▸ **Task instructions**
What is needed here is each entry reproduced exactly, without its pictures.
-- Opening Marker --
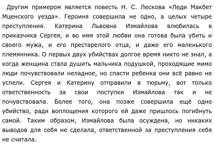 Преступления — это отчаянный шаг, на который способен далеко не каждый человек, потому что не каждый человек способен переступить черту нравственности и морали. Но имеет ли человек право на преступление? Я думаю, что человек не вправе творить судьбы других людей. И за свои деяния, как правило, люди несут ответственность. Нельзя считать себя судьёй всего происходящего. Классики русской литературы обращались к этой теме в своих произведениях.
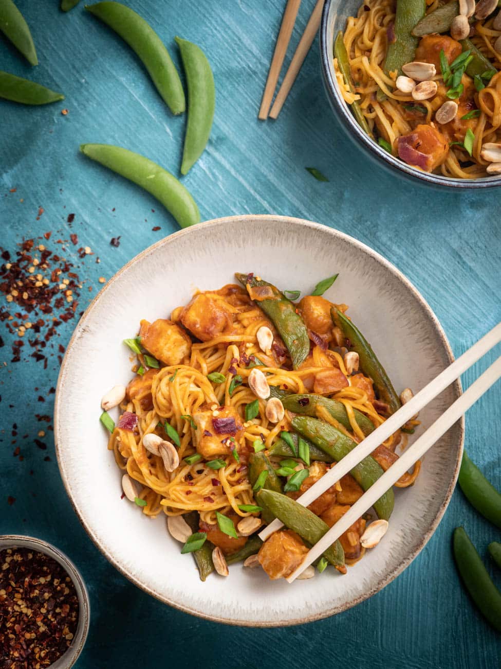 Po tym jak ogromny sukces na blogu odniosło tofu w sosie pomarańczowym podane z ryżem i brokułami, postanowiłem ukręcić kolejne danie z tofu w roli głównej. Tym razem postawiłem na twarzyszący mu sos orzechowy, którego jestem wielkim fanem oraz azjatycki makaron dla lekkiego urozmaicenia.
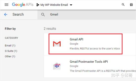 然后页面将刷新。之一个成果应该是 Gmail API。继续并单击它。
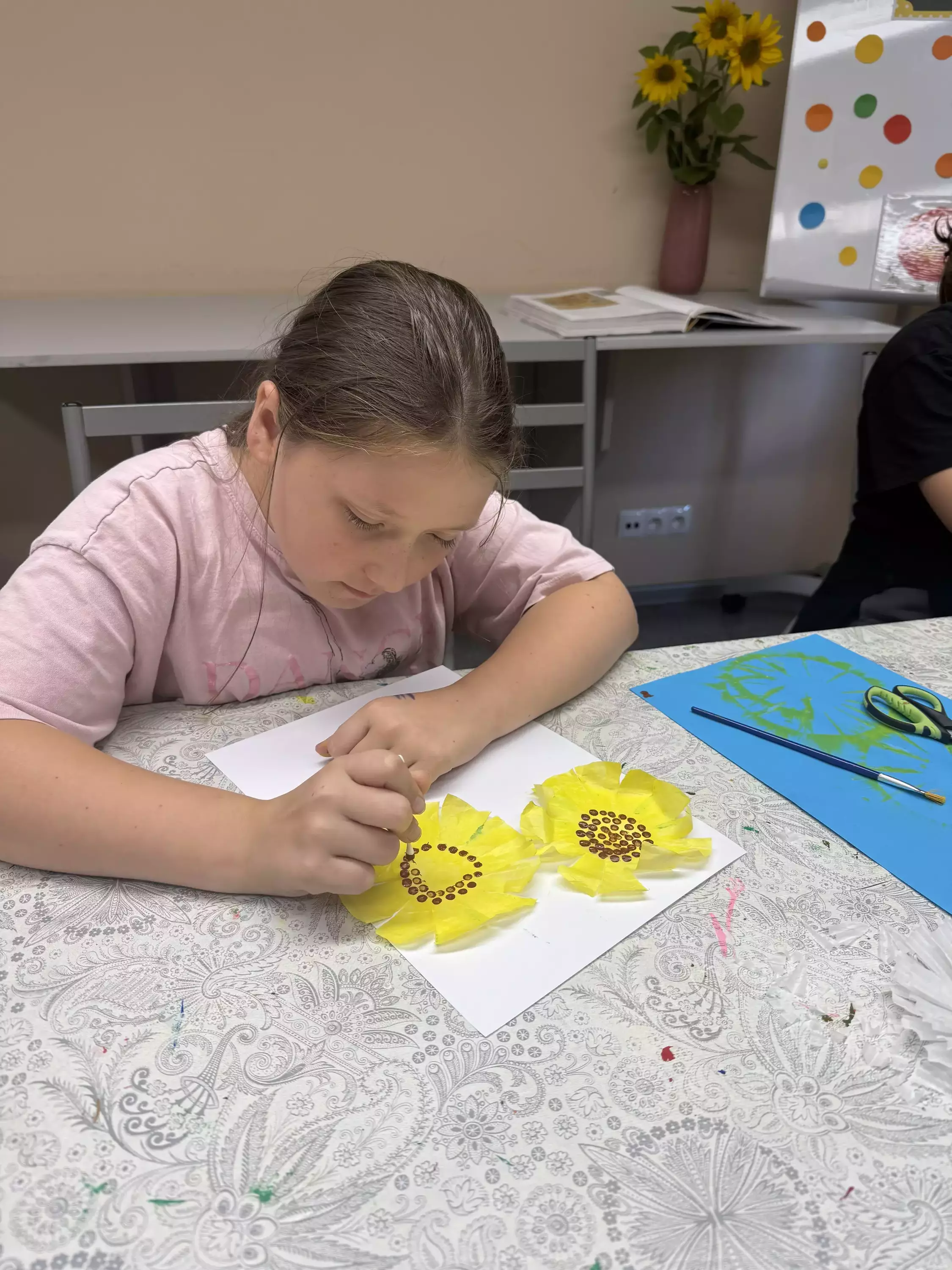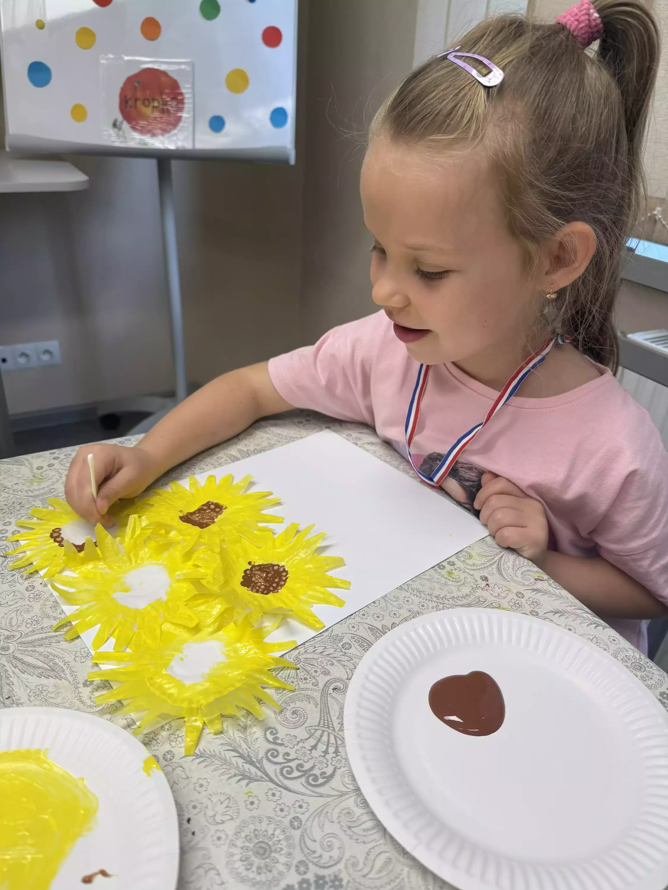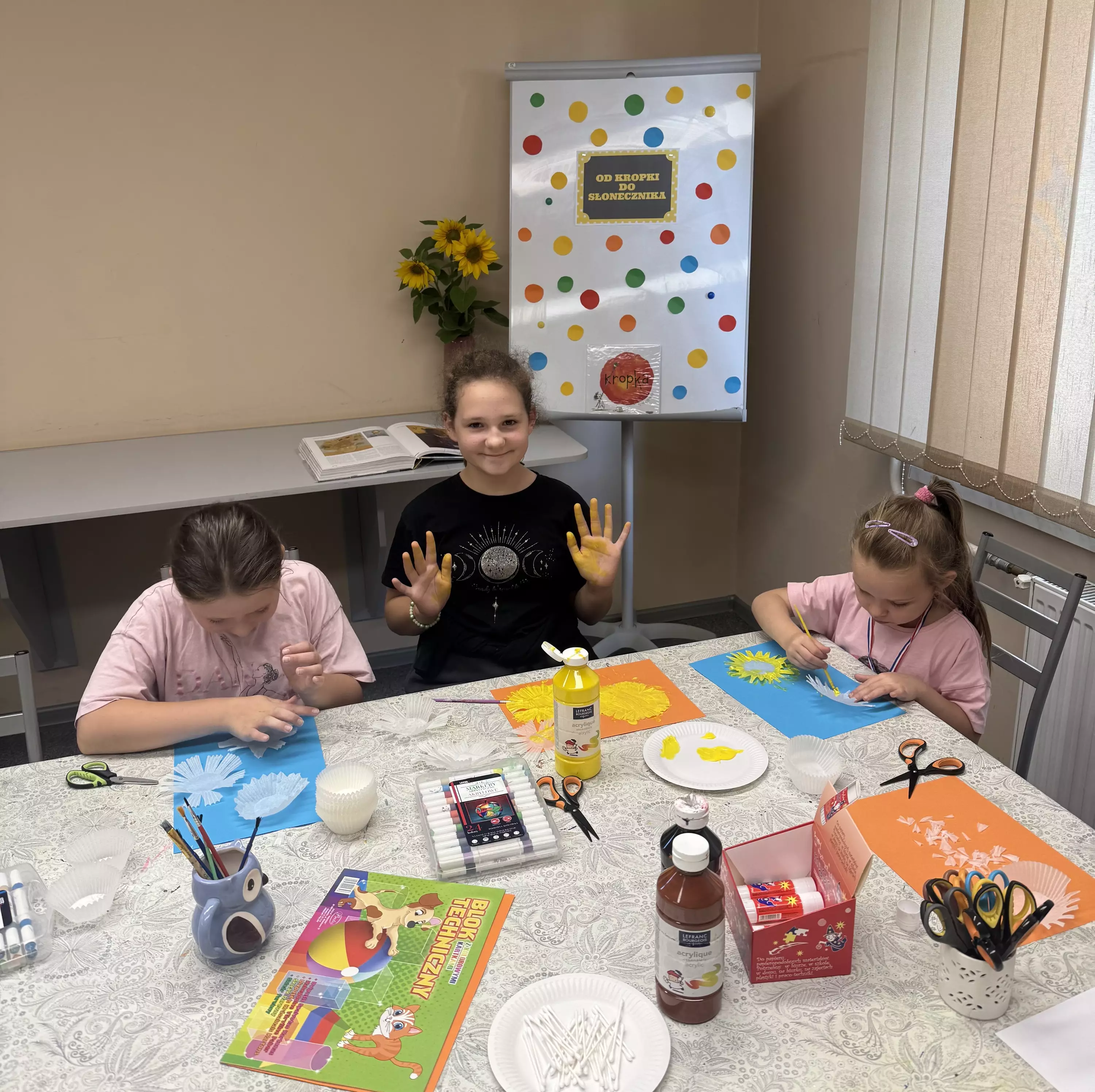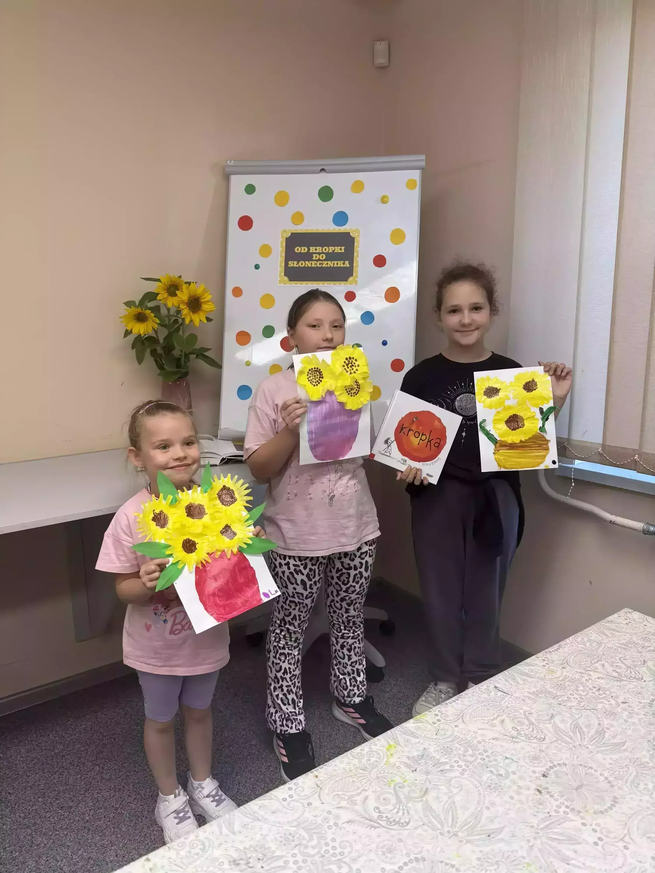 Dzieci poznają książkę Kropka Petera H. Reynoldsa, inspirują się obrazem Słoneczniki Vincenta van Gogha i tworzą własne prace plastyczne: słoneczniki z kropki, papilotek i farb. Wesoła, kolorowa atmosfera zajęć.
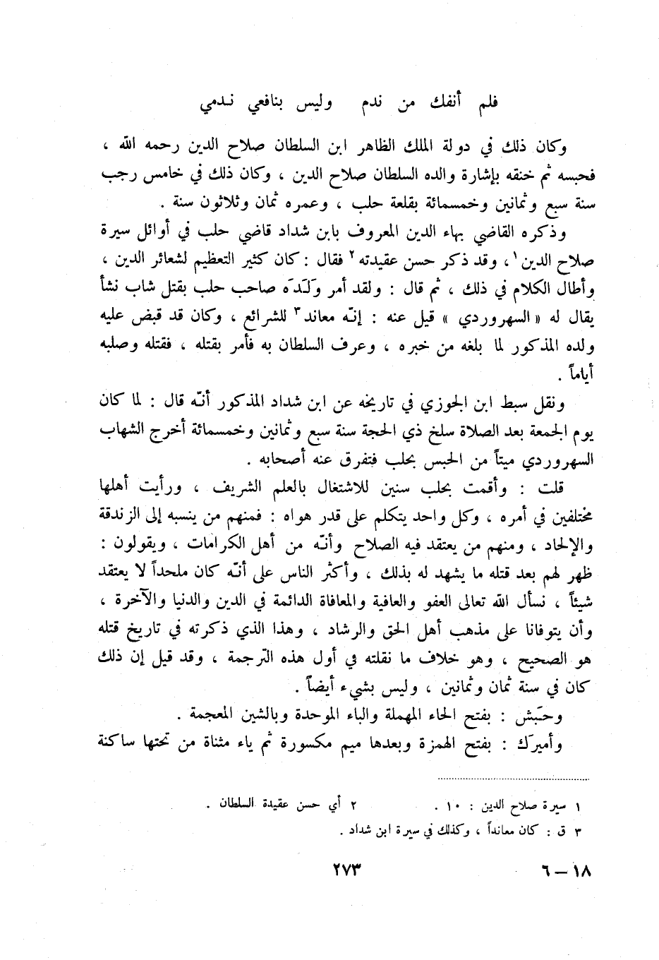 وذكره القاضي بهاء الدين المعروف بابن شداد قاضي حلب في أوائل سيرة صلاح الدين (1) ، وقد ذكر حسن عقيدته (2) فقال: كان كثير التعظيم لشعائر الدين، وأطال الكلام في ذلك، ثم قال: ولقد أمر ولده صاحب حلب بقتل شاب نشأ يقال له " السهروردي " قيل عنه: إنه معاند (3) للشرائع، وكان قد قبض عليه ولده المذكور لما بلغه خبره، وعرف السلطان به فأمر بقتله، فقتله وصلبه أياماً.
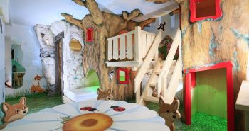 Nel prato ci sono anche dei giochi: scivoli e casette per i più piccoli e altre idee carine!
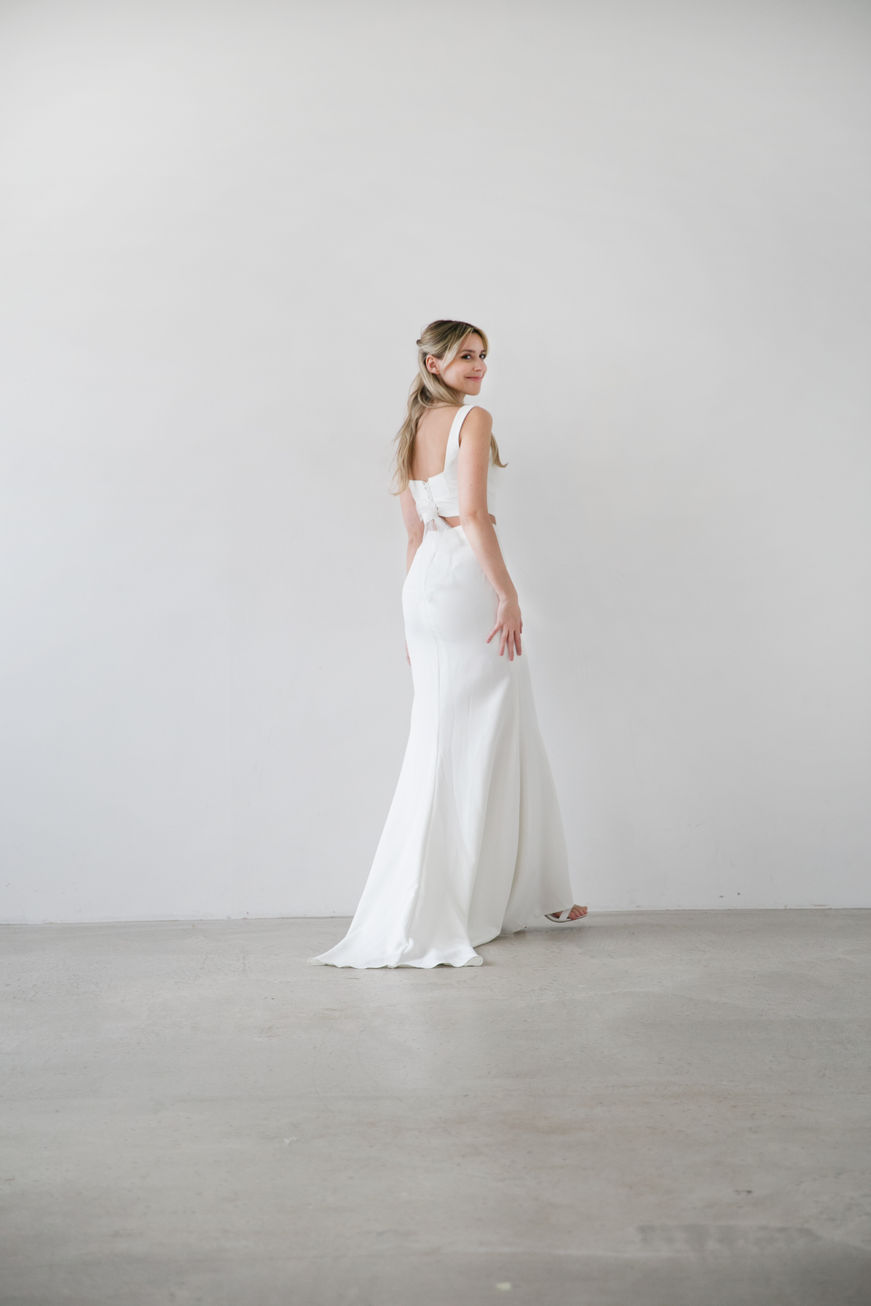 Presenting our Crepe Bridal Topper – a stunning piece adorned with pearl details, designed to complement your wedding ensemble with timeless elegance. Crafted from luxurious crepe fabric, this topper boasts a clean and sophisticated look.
-- Closing Marker --
▸ **Answer space**
 Преступления — это отчаянный шаг, на который способен далеко не каждый человек, потому что не каждый человек способен переступить черту нравственности и морали. Но имеет ли человек право на преступление? Я думаю, что человек не вправе творить судьбы других людей. И за свои деяния, как правило, люди несут ответственность. Нельзя считать себя судьёй всего происходящего. Классики русской литературы обращались к этой теме в своих произведениях.
 Po tym jak ogromny sukces na blogu odniosło tofu w sosie pomarańczowym podane z ryżem i brokułami, postanowiłem ukręcić kolejne danie z tofu w roli głównej. Tym razem postawiłem na twarzyszący mu sos orzechowy, którego jestem wielkim fanem oraz azjatycki makaron dla lekkiego urozmaicenia.
 然后页面将刷新。之一个成果应该是 Gmail API。继续并单击它。
 Dzieci poznają książkę Kropka Petera H. Reynoldsa, inspirują się obrazem Słoneczniki Vincenta van Gogha i tworzą własne prace plastyczne: słoneczniki z kropki, papilotek i farb. Wesoła, kolorowa atmosfera zajęć.
 وذكره القاضي بهاء الدين المعروف بابن شداد قاضي حلب في أوائل سيرة صلاح الدين (1) ، وقد ذكر حسن عقيدته (2) فقال: كان كثير التعظيم لشعائر الدين، وأطال الكلام في ذلك، ثم قال: ولقد أمر ولده صاحب حلب بقتل شاب نشأ يقال له " السهروردي " قيل عنه: إنه معاند (3) للشرائع، وكان قد قبض عليه ولده المذكور لما بلغه خبره، وعرف السلطان به فأمر بقتله، فقتله وصلبه أياماً.
 Nel prato ci sono anche dei giochi: scivoli e casette per i più piccoli e altre idee carine!
 Presenting our Crepe Bridal Topper – a stunning piece adorned with pearl details, designed to complement your wedding ensemble with timeless elegance. Crafted from luxurious crepe fabric, this topper boasts a clean and sophisticated look.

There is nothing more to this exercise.